Exercise details — Say how many of the lines below include the word "capacity", and write nothing else.

##### Working data #####

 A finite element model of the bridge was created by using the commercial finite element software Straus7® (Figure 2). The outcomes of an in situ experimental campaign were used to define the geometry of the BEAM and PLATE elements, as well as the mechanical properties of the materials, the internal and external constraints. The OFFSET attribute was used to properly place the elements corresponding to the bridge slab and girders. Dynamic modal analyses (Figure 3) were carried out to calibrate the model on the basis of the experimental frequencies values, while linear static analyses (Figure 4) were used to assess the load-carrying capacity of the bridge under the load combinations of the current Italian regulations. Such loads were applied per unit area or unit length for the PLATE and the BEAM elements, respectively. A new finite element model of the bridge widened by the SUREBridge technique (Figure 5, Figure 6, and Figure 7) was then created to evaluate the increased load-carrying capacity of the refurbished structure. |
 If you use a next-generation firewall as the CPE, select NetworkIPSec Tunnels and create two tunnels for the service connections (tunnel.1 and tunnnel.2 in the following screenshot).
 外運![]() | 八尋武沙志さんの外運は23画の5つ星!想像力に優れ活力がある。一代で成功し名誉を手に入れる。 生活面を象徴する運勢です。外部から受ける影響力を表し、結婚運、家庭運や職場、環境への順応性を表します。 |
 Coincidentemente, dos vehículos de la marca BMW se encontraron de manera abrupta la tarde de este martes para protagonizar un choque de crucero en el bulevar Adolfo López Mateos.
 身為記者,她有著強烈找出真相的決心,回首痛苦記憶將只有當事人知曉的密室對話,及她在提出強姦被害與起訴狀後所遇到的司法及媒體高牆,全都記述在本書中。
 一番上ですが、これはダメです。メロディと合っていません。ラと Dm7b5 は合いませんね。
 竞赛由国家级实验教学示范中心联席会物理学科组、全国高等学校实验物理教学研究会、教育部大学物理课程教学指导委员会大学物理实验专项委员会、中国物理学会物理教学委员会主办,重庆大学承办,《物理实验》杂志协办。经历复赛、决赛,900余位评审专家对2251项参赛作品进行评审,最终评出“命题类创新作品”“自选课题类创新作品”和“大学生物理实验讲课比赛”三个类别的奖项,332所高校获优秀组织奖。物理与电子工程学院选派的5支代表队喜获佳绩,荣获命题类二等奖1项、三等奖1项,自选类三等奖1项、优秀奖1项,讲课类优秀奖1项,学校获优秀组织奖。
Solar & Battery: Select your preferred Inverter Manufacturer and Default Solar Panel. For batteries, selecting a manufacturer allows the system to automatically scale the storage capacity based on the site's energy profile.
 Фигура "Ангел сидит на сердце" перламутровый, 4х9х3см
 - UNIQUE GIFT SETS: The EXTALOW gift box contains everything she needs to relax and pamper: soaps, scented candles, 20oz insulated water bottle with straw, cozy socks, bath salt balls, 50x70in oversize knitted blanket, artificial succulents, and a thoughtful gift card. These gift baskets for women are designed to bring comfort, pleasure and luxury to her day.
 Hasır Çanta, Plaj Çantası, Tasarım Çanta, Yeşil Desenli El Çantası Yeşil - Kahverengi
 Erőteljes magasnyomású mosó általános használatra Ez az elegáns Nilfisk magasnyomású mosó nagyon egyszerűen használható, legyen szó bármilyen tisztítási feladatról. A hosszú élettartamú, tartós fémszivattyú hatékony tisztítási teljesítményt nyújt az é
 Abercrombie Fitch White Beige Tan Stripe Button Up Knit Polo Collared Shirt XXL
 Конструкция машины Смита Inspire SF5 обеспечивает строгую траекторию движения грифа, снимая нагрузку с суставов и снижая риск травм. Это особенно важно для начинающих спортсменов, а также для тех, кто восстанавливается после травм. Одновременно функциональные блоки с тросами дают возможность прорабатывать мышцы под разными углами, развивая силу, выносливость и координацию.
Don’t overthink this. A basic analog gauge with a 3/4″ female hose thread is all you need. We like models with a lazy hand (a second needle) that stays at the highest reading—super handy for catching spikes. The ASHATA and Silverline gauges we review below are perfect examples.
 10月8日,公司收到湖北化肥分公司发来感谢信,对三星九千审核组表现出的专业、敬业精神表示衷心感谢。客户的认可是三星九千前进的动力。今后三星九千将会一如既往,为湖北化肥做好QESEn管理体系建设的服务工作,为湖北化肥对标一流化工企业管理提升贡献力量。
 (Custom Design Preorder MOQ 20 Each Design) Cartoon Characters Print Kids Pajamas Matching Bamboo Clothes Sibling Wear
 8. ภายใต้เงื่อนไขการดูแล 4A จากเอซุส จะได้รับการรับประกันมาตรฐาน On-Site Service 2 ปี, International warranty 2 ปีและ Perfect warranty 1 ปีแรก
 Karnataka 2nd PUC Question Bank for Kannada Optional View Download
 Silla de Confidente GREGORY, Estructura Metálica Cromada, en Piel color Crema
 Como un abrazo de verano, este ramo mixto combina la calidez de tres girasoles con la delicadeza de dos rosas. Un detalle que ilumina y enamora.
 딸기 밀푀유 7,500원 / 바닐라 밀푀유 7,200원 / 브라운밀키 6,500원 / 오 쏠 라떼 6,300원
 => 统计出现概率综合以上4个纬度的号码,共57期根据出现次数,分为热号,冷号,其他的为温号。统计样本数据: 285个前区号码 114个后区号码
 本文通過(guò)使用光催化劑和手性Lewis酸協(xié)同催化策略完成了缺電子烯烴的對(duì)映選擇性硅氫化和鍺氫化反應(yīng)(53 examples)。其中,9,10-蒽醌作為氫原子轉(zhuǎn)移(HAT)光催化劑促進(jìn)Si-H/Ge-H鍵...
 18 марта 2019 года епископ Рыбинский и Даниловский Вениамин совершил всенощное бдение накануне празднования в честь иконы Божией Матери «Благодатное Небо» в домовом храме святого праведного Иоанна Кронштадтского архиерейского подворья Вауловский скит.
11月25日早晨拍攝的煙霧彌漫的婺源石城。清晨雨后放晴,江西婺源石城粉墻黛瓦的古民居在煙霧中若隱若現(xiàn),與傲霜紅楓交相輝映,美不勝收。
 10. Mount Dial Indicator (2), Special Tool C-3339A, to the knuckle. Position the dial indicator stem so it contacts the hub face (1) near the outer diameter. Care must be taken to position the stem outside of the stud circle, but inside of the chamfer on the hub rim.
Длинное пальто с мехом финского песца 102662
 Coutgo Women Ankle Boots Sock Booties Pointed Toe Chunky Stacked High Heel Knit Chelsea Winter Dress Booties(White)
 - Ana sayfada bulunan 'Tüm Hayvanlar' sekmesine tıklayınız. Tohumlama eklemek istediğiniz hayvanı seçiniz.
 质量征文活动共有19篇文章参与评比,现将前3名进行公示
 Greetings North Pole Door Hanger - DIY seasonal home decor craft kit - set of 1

#####

Exercise result — 2